The entries are to be output word for word, with the pictures omitted.

Source data section start

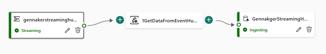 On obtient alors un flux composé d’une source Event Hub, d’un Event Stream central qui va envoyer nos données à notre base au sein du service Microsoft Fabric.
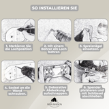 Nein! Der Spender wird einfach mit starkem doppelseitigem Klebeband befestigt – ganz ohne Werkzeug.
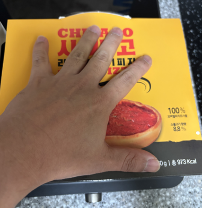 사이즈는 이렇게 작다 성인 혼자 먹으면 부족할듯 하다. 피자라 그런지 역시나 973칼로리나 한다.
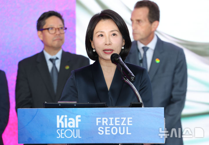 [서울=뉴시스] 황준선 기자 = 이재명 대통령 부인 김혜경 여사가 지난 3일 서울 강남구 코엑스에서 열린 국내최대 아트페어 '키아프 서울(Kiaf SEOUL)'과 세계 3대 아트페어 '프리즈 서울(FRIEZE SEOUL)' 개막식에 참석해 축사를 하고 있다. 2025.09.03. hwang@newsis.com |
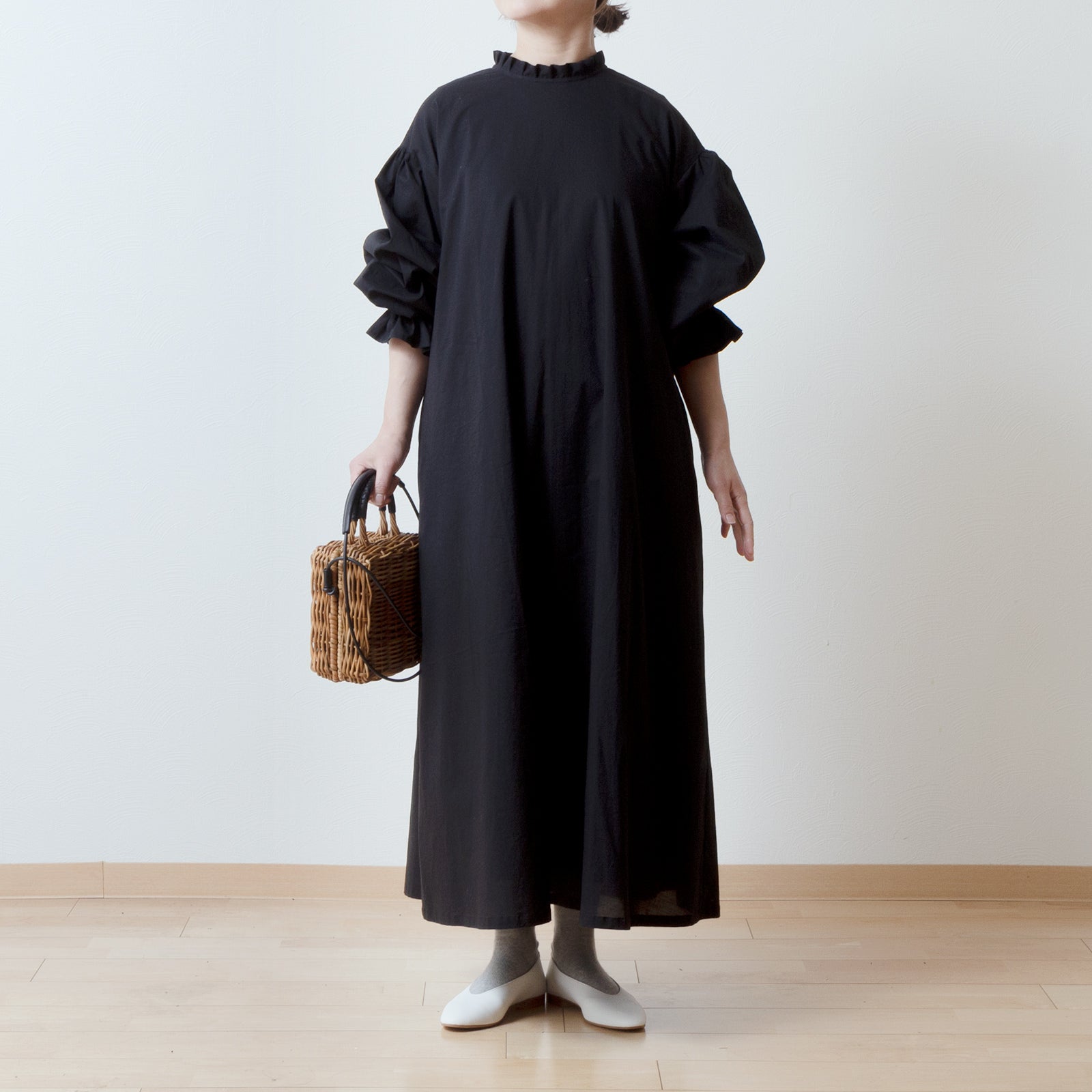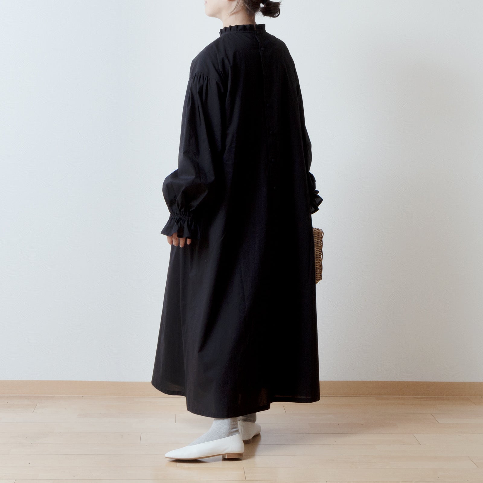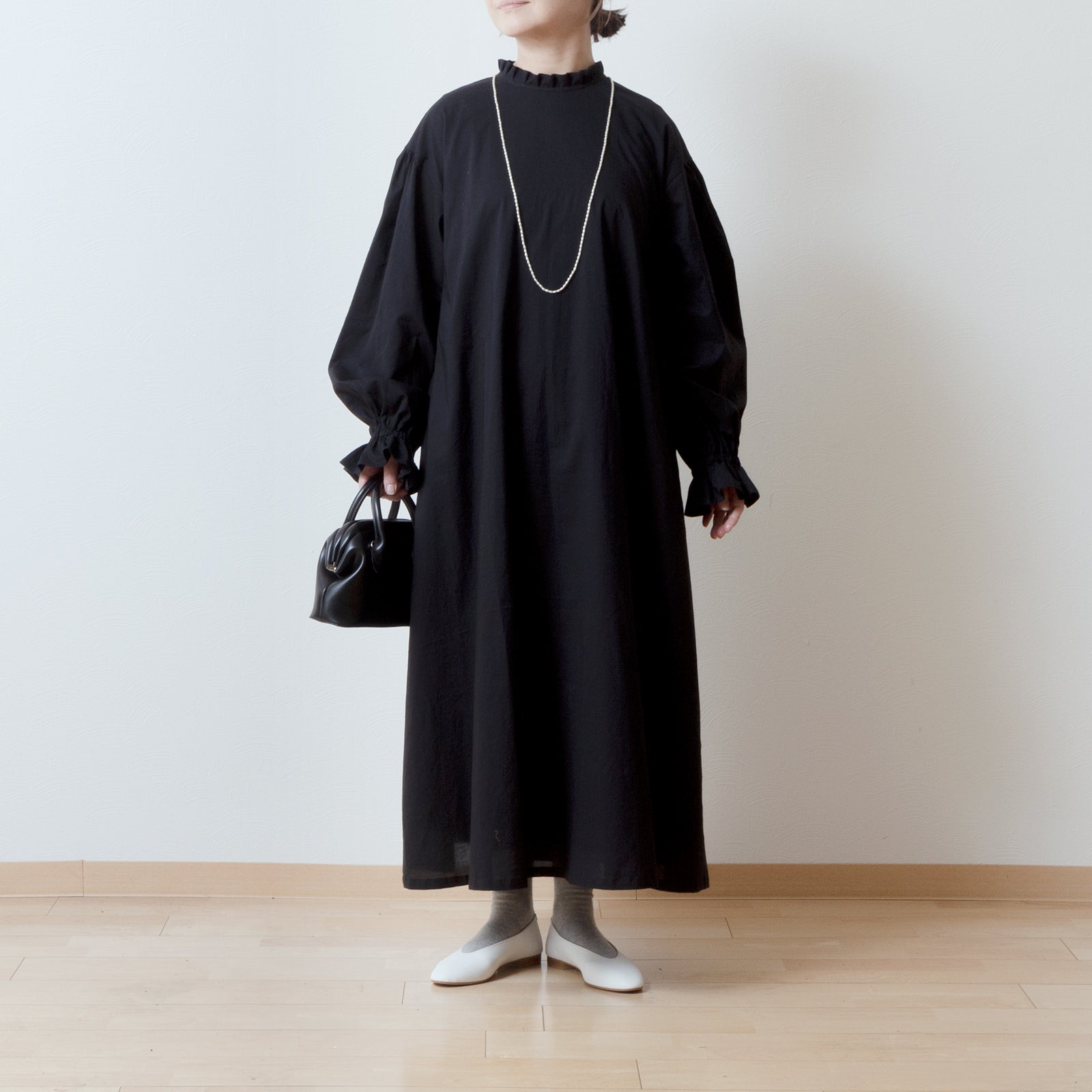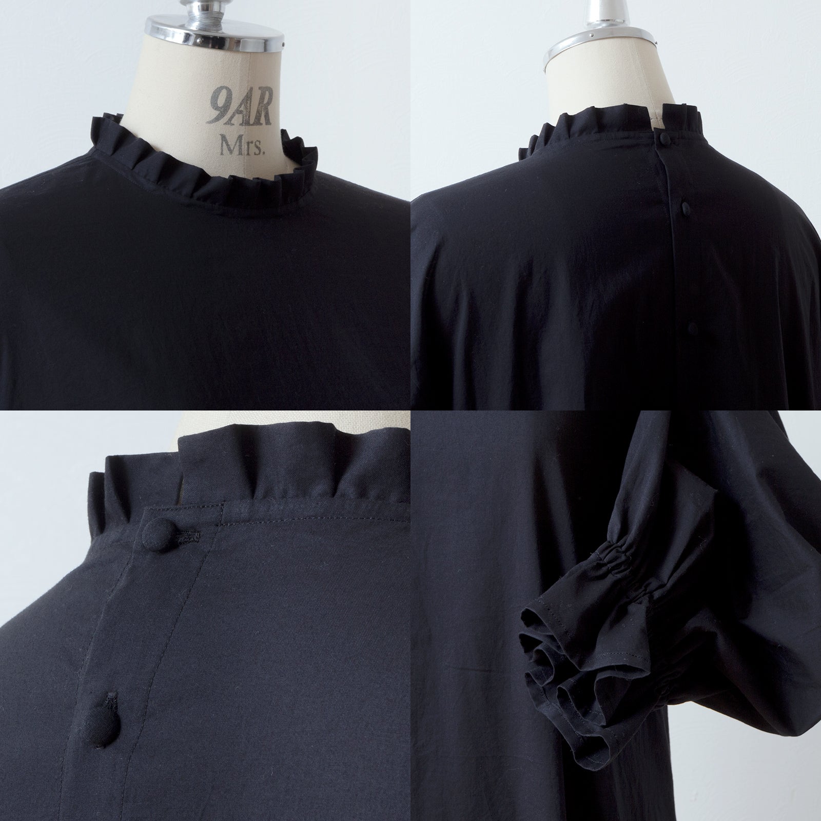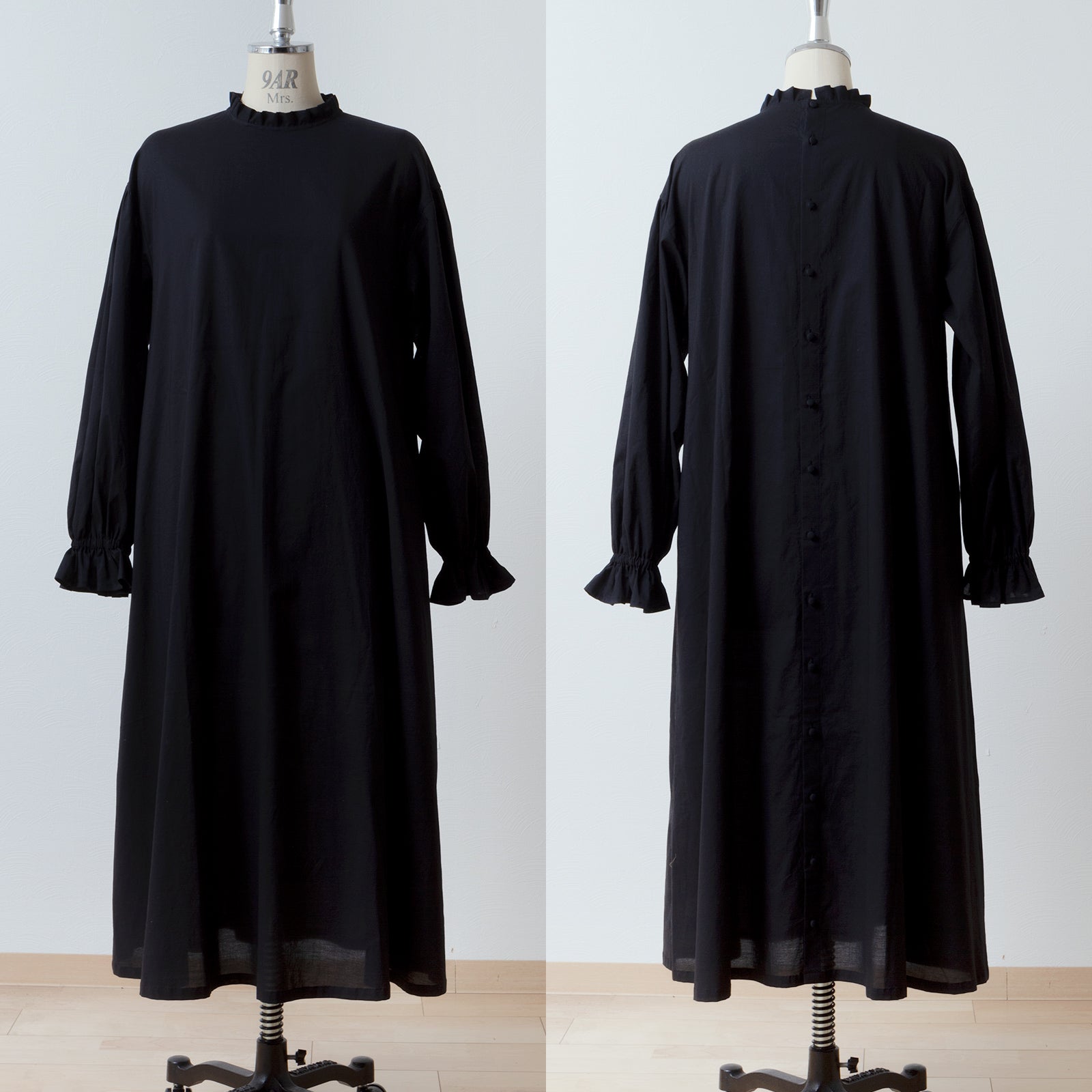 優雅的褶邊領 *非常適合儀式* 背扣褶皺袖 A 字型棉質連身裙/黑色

Source data section end

== Result ==
 On obtient alors un flux composé d’une source Event Hub, d’un Event Stream central qui va envoyer nos données à notre base au sein du service Microsoft Fabric.
 Nein! Der Spender wird einfach mit starkem doppelseitigem Klebeband befestigt – ganz ohne Werkzeug.
 사이즈는 이렇게 작다 성인 혼자 먹으면 부족할듯 하다. 피자라 그런지 역시나 973칼로리나 한다.
 [서울=뉴시스] 황준선 기자 = 이재명 대통령 부인 김혜경 여사가 지난 3일 서울 강남구 코엑스에서 열린 국내최대 아트페어 '키아프 서울(Kiaf SEOUL)'과 세계 3대 아트페어 '프리즈 서울(FRIEZE SEOUL)' 개막식에 참석해 축사를 하고 있다. 2025.09.03. hwang@newsis.com |
 優雅的褶邊領 *非常適合儀式* 背扣褶皺袖 A 字型棉質連身裙/黑色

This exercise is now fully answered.